Training RCM transformer
The results of CATCR-D suggest that our encoder can capture generalized features of epitopes or CDR3-β. We formulated a generative model employing a decoder that utilizes features extracted by the CATCR-D encoder to facilitate the prediction of CDR3 sequences binding to novel epitopes. Previous results suggest that the structural data represented by the RCM contain crucial information about epitope–TCR binding. Given our objective of integrating structural data within the decoder framework of our generative model, a significant challenge arises because the structural data for the target sequence remain undetermined.

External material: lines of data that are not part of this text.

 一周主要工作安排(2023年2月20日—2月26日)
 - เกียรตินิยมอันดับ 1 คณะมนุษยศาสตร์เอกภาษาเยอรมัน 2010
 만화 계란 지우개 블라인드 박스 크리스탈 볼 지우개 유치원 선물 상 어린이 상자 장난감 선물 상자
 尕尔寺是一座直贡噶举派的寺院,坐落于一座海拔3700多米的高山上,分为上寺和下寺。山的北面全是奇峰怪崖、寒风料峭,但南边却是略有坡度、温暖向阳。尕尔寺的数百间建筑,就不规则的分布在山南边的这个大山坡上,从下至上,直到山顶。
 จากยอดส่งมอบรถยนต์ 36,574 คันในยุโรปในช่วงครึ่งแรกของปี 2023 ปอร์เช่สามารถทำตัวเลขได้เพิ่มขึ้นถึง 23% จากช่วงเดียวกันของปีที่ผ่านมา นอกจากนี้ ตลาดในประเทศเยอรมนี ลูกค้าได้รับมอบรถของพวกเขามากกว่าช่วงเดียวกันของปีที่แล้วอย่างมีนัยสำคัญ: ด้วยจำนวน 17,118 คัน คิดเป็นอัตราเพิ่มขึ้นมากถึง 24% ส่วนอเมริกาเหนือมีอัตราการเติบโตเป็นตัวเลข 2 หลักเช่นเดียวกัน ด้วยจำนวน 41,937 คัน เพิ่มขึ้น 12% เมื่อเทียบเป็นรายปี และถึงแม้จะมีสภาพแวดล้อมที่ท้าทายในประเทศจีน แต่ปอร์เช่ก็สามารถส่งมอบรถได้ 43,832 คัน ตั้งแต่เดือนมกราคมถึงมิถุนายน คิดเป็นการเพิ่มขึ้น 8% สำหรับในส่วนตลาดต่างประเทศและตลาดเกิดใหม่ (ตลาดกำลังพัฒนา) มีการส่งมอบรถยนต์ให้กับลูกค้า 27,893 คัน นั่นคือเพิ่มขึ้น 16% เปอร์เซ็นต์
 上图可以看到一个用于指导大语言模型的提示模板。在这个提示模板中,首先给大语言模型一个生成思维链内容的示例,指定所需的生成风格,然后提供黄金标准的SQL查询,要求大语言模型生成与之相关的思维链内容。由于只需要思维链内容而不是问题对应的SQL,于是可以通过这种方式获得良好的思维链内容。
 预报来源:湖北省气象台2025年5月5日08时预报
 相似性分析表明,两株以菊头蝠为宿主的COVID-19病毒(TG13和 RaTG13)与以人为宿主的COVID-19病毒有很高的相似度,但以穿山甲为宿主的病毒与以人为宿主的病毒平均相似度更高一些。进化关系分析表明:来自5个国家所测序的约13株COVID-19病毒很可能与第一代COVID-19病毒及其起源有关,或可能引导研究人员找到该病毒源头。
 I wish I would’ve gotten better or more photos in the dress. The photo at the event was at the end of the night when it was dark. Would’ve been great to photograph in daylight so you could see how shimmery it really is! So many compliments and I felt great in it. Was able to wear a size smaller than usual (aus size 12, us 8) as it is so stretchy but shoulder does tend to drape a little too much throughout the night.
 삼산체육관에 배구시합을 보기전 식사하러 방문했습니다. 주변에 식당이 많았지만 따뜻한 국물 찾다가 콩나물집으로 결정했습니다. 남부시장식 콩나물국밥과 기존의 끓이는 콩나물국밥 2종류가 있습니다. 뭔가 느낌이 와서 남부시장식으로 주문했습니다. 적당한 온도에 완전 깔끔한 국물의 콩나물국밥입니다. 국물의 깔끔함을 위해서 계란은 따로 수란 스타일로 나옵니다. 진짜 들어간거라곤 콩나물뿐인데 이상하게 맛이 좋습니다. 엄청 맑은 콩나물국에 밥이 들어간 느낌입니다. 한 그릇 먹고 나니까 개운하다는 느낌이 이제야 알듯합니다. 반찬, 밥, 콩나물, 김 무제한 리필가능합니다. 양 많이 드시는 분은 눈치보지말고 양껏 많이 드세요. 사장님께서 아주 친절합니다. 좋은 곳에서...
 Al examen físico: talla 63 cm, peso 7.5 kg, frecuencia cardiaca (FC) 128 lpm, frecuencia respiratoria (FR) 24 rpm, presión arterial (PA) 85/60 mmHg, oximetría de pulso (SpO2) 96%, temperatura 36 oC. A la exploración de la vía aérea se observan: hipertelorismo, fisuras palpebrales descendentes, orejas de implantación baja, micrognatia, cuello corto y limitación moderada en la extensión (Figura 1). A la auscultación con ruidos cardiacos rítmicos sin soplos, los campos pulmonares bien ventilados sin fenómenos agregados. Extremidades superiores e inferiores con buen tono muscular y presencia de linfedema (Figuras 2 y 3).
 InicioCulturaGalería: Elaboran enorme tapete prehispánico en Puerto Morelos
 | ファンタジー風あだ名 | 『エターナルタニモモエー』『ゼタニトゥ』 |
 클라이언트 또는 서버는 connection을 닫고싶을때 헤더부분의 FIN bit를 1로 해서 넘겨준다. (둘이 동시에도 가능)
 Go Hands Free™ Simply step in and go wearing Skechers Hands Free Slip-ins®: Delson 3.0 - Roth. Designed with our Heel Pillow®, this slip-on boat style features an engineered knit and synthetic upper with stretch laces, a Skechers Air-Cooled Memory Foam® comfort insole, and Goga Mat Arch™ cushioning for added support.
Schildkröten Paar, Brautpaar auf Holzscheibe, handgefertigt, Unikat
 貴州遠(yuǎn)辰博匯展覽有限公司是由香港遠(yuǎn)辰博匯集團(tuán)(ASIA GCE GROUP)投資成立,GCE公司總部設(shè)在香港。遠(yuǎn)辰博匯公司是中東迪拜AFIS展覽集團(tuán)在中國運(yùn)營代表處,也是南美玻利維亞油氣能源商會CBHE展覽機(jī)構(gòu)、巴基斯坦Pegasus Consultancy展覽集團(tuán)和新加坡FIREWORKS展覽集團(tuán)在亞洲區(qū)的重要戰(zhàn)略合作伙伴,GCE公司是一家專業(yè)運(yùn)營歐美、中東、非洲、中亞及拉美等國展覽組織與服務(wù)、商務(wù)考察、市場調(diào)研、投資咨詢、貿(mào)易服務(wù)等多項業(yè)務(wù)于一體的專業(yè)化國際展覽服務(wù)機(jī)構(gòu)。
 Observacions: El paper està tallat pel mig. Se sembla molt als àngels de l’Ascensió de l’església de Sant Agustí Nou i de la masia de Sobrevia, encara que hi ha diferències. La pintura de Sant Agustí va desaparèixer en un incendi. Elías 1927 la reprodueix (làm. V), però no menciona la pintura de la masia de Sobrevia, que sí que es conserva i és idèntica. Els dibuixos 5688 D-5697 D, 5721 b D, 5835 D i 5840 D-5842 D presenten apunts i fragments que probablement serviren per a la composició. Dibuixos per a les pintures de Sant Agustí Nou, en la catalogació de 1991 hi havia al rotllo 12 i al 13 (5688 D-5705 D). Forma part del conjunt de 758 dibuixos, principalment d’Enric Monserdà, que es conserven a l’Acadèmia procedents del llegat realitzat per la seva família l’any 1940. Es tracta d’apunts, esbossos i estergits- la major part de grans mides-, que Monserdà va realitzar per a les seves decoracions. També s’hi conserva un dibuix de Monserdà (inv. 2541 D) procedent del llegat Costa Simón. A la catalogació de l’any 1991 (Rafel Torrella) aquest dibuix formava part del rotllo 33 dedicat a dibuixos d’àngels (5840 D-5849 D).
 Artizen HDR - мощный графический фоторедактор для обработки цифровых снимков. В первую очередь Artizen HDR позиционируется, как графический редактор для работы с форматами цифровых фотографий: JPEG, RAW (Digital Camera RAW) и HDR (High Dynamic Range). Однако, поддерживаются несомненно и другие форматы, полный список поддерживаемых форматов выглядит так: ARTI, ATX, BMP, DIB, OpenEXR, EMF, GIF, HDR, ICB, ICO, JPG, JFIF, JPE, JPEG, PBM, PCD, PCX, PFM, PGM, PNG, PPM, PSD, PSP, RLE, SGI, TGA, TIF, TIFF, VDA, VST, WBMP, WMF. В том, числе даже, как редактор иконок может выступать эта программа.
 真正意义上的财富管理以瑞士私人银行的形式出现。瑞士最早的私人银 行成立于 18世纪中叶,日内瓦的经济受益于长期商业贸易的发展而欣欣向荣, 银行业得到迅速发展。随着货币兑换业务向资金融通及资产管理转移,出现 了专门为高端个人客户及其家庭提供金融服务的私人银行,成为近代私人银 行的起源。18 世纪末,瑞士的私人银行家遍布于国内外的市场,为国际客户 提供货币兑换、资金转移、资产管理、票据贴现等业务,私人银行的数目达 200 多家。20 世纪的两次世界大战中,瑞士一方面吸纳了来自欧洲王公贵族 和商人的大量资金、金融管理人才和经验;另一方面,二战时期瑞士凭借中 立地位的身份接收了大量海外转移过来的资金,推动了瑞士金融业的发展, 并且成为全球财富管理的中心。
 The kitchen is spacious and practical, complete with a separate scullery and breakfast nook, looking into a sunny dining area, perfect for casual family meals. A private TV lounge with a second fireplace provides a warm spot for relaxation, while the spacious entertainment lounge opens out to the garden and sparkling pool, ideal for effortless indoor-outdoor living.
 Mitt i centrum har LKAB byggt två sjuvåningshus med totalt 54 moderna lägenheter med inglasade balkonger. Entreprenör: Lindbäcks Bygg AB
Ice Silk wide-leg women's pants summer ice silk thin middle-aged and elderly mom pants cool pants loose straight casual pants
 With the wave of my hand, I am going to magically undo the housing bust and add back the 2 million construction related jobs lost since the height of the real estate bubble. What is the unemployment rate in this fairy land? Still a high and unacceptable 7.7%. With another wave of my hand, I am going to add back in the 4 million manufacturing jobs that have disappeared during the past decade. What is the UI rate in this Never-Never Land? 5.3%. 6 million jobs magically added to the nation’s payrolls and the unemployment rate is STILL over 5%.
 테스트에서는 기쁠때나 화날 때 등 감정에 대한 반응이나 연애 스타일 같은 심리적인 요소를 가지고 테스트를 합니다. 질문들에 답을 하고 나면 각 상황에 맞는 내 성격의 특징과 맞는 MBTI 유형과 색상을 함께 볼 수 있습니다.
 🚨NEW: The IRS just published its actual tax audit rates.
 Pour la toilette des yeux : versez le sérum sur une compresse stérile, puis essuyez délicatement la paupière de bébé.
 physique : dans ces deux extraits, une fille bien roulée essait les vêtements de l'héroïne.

Therefore, we pretrained the RCMT to estimate the RCM of CDR3-β based on the epitope sequence and its RCM. This approach involves utilizing the feature set outputted by the CATCR-D encoder as input to a linear decoder, which then predicts the RCM for CDR3-β sequences.
The loss of the training and validation sets both decreased with increased epochs during the training process. The training set loss stabilized after 200 epochs. In contrast, the validation set loss stabilized after 300 epochs (Figure 4A). By comparing the RCMT predictions with those labeled by OpenFold, we noted an average discrepancy in the RCMs of 1.695 ± 2.040 Å. Figure 4B shows the average differences between the two prediction methods at each position. The predicted differences in distance at different positions range from 0.010 to 6.195 Å. The distance deviations at positions 12 and 13 are relatively large, while those at other positions are relatively small. Multiple CDR3-β label sequences may exist in the dataset for a given epitope, while the RCMT can output only a single predicted matrix. Subsequently, we analyzed the relationship between the distance distribution of the label matrix at each position and the predicted values of the RCMT. Figure 4C shows the results for three epitopes with many paired CDR3-β label data (external test). The distances predicted by the RCMT are close to the median value of the label distance set at most positions, indicating that the RCMT can reflect the landscapes of the corresponding CDR3-β structure through the epitope sequence and structure.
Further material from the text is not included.